Image processing is a fairly well developed science of modifying and analyzing pictures, graphics designs, and the like. See e.g., Introduction to Image Processing Algorithms, Benjamin M. Dawson, Byte Magazine, March 1987, pp. 169–186. A variety of different approaches to image interpolation have been proposed and used. Known manner colorimetry constructs and methods of multidimensional color space data interpolation are described in the literature, such as Principles of Color Technology, by Billmeyer and Saltzman, John Wiley & Sons, Inc., NY, publishers, copr. 1981 (2d ed.); Color Science: Concepts and Methods, Quantitative Data and Formula, by Wyszecki and Stiles, John Wiley & Sons, Inc., NY, publishers, copr. 1982 (2d ed.); and Fundamentals of Interactive Computer Graphics, Foley and Van Dam, Addison-Wesley Publishing Company.

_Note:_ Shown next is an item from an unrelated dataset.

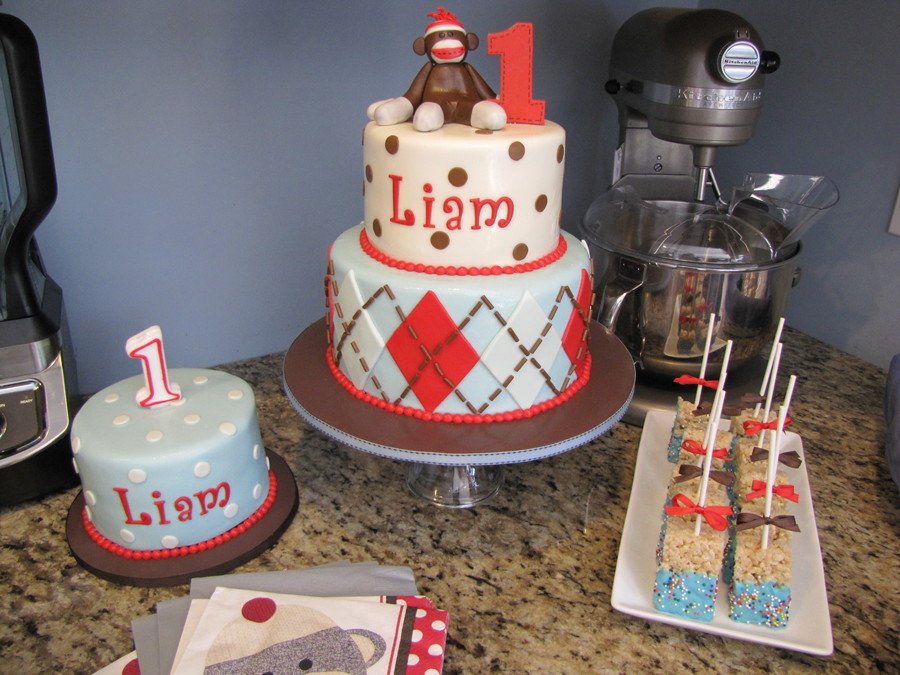 This sock monkey cake was for a little boy's first birthday. The sock monkey is made out of a fondant/gumpaste mix.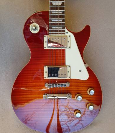 and Epiphones and this one plays, sounds and looks amazing. The finish is a gorgeous dark cherry sunburst with a flamed maple top. The body and neck are mahogany. Pickups are PAF style humbuckers with plenty warmth and clarity. Ive installed Grover Milk Bottle tuners and Gibson reflector knobs, both are upgrades.

Basically, colorimetry has long been recognized as a complex science. Essentially, as defined in 1931 by the Commission Internationale L'Eclairage (CIE), three primary colors (X, Y, Z) can be combined to define all light sensations we experience with our eyes; that is, the color matching properties of an ideal trichromatic observer defined by specifying three independent functions of wavelength that are identified with the ideal observer's color matching functions form an international standard for specifying color. In general, it has been found possible and convenient to represent color stimuli vectors by a three-dimensional spatial construct, called a tristimulus space or a colorspace. The fundamentals of such three-dimensional constructs are discussed in Billmeyer and Saltzman, supra, and the above cited Color Science: Concepts and Methods, Quantitative Data and Formulae, by Wyszecki and Stiles, published by John Wiley & Sons, Inc., copyright 1982 (2d ed.), see e.g. at pages 119–130. One of the most commonly referred to systems is the Munsell color system, a system for designating colors, which employs three perceptually uniform scales:
Munsell hue—the dimension that determines whether a color is blue, green, yellow, red, purple, or the like, without regard to its lightness or saturation;
Munsell value—the dimension that indicates the apparent luminous transmittance or reflectance of the object on a scale having approximately equal perceptual steps under the usual conditions of observation; and
Munsell chroma—the dimension that corresponds most closely to saturation, which is the degree of vividness of a hue.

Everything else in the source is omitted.